TO DO:
In the entries below, begin at the line that has "Blue and green" and stop after the line that has "Back to school"; output those lines exactly, leaving out pictures.

DATA TO PROCESS:

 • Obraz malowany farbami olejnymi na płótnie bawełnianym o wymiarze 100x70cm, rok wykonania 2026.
==
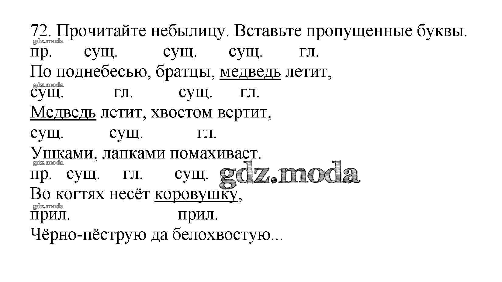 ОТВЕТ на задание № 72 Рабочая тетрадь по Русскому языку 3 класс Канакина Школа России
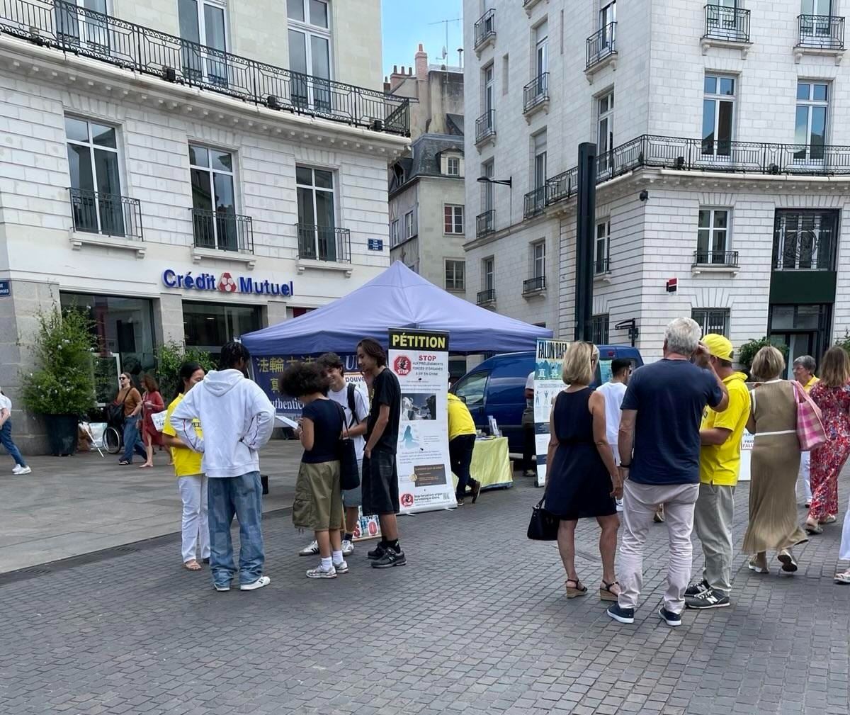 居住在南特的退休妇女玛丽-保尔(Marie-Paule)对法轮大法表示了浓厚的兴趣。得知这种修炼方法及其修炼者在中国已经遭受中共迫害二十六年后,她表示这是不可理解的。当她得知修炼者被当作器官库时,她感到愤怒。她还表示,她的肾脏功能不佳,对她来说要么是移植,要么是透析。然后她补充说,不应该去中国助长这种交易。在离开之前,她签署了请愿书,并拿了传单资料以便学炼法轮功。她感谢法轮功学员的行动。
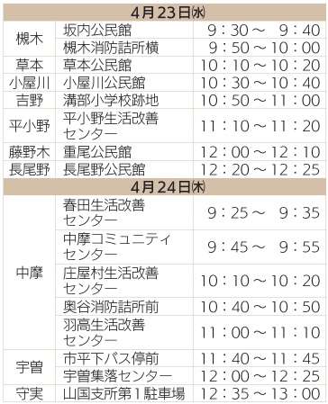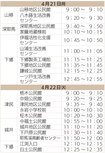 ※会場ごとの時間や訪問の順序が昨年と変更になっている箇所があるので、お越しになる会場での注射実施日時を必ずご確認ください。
--
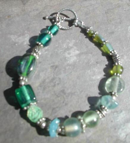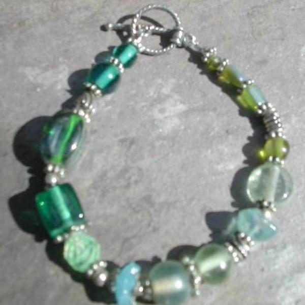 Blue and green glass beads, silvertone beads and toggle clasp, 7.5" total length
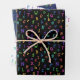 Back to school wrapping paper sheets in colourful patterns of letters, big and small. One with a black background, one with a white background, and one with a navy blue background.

ANSWER BELOW:
 Blue and green glass beads, silvertone beads and toggle clasp, 7.5" total length
 Back to school wrapping paper sheets in colourful patterns of letters, big and small. One with a black background, one with a white background, and one with a navy blue background.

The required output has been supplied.